GETTING INTO GHC/HOT
Registration for the 8th annual Lodging Hospitality Strategic Conference on Hospitality Operations & Technology, presented in conjunction with the Pineapple Hospitality/LH-sponsored Green Hospitality Conference, costs $495. The event will be held at the Hilton Anatole in Dallas March 12-14, with concurrent sessions for both conferences. To register, go to www.lhonline.com and click on www.lhconference.com. For more information, call Nick Diligente at 216-931-9659 or e-mail email@example.com.
GREENING THE WEEK
Pineapple Hospitality, co-sponsor of the upcoming Green Hospitality Conference in Dallas, is declaring March 9-15 Green Lodging Education Week. It's an opportunity to “lead and educate the hospitality industry on the most important issue we will face in our lifetime,” says Ray Burger, Pineapple Hospitality president.
Besides the Green Hospitality Conference, co-sponsored by Lodging Hospitality magazine, the second week of March also features the Hotel Investment Conference, presented by Hunter Realty at the Atlanta Marriott Marquis Hotel March 9-11, and the Hotel Developers Conference at the Green Valley Ranch, Resort & Spa in Las Vegas March 11-13.
That's a lot of green to absorb in one week, but Burger maintains it's absolutely necessary. This confluence of conferences aims to provide hotel owners, managers and franchisors with information about green programs, products and solutions, green development and the concept of environmental sustainability.

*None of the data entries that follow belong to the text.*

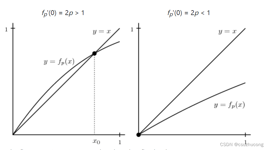 If we define the function fp(x) = 1 - (1 - px)2, we have Pn = fp(Pn-1). The graph of fp is shown below in two different cases, depending on the derivative fp'(0) = 2p.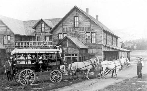 During the early 1900s, visitors often arrived by train and contracted a wagon or automobile to bring them into the valley. This travel was expensive, and visiting Estes Park was an elite activity. Beyond the Stanley Hotel, Sprague’s Lodge, and Stead’s Ranch, there were many other lodging facilities in the area, such as the Elkhorn, the Baldpate, the Moraine Park Lodge, the Horseshoe Inn, the Fall River Inn, and dozens more throughout Estes Park and nearby towns. During this time, Moraine Park was a functioning town with its own post office, school, liveries, eating establishments, and many lodging options. Near Grand Lake, there were more hotels.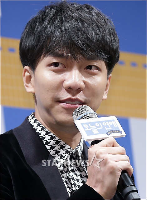 가수 겸 배우 이승기가 16일 오전 서울 강남구 신사동 압구정 CGV에서 열린 영화 '오늘의 연애' 제작보고회에 참석해 인사말을 하고 있다.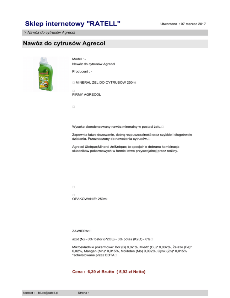 Sklep internetowy "RATELL" Utworzono : 07 marzec 2017 > Nawóz do cytrusów Agrecol Nawóz do cytrusów Agrecol Model : Nawóz do cytrusów Agrecol Producent : �MINERAL ŻEL DO CYTRUSÓW 250ml � FIRMY AGRECOL � Wysoko skondensowany nawóz mineralny w postaci żelu.� Zapewnia łatwe dozowanie, dobrą rozpuszczalność oraz szybkie i długotrwałe działanie. Przeznaczony do nawożenia cytrusów.� Agrecol „Mineral żel” to specjalnie dobrana kombinacja składników pokarmowych w formie łatwo przyswajalnej przez rośliny. � � OPAKOWANIE: 250ml ZAWIERA:� azot (N) - 8% fosfor (P2O5) - 5% potas (K2O) - 6%� Mikroskładniki pokarmowe: Bor (B) 0,02 %, Miedź (Cu)* 0,002%, Żelazo (Fe)* 0,02%, Mangan (Mn)* 0,015%, Molibden (Mo) 0,002%, Cynk (Zn)* 0,015% *schelatowane przez EDTA� Cena : 6,39 zł Brutto ( 5,92 zł Netto) kontakt : - [email protected] Strona 1 Sklep internetowy "RATELL" > Nawóz do cytrusów Agrecol Nawóz do cytrusów Agrecol Dostępność: Produkt dostępny w naszym sklepie od 13 marzec 2014 kontakt : - [email protected] Strona 2 Utworzono : 07 marzec 2017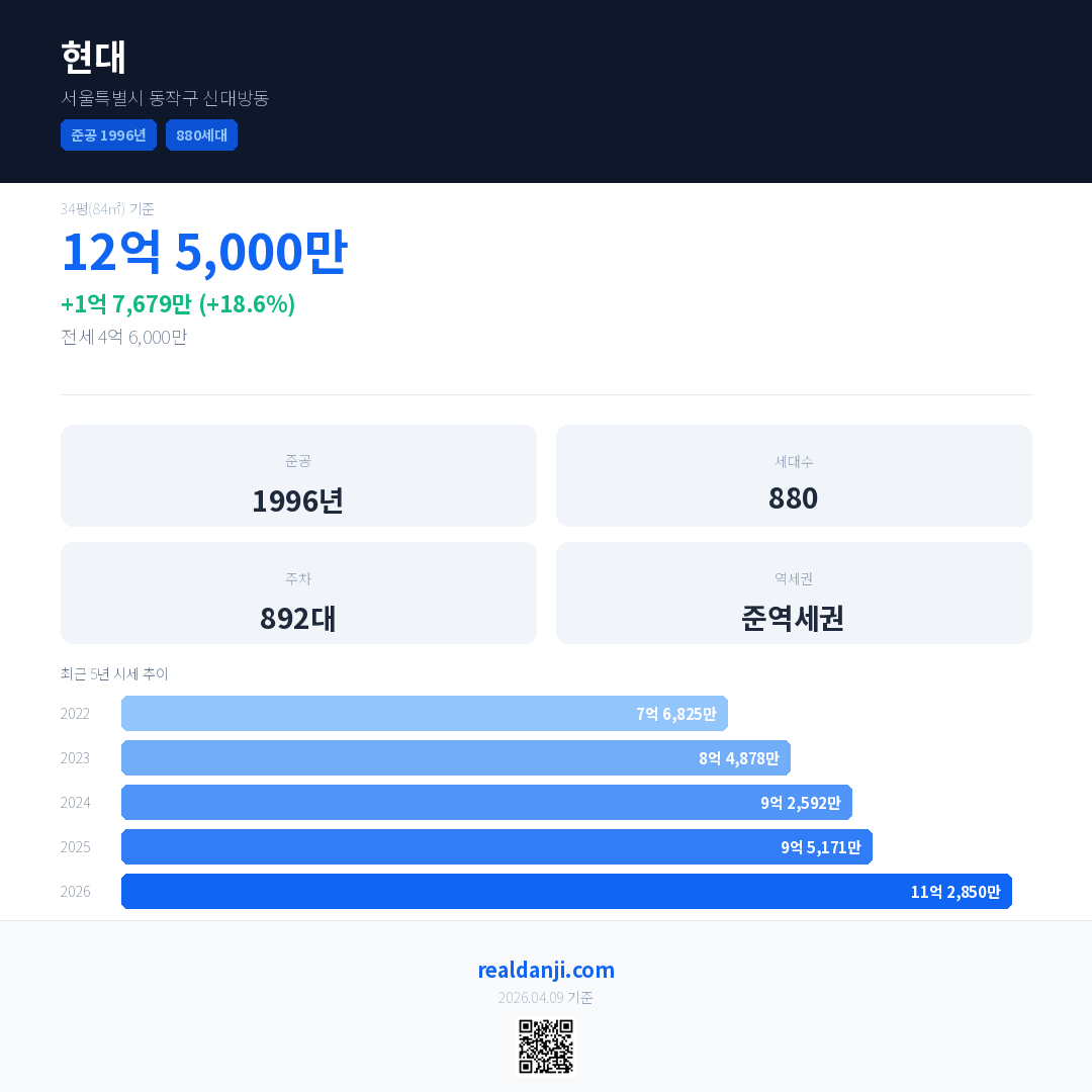 현대 국민평형 기준 2026년 평균 거래가는 11억 2,850만으로, 전년 대비 18.6% 상승 했습니다.

“Anyone in this industry who embraces green will find that it is rewarding on social, environmental and economic levels,” says Burger. “We hope Green Week will continue to grow, and that this is only the first annual commemoration of this important week-long observance.”
Dan Esty, author of Green to Gold and a featured speaker at both the Green Hospitality and Hotel Developers Conferences, believes that the timing is perfect for joining environmental education initiatives and hospitality. “The case for going green has never been so compelling,” he says.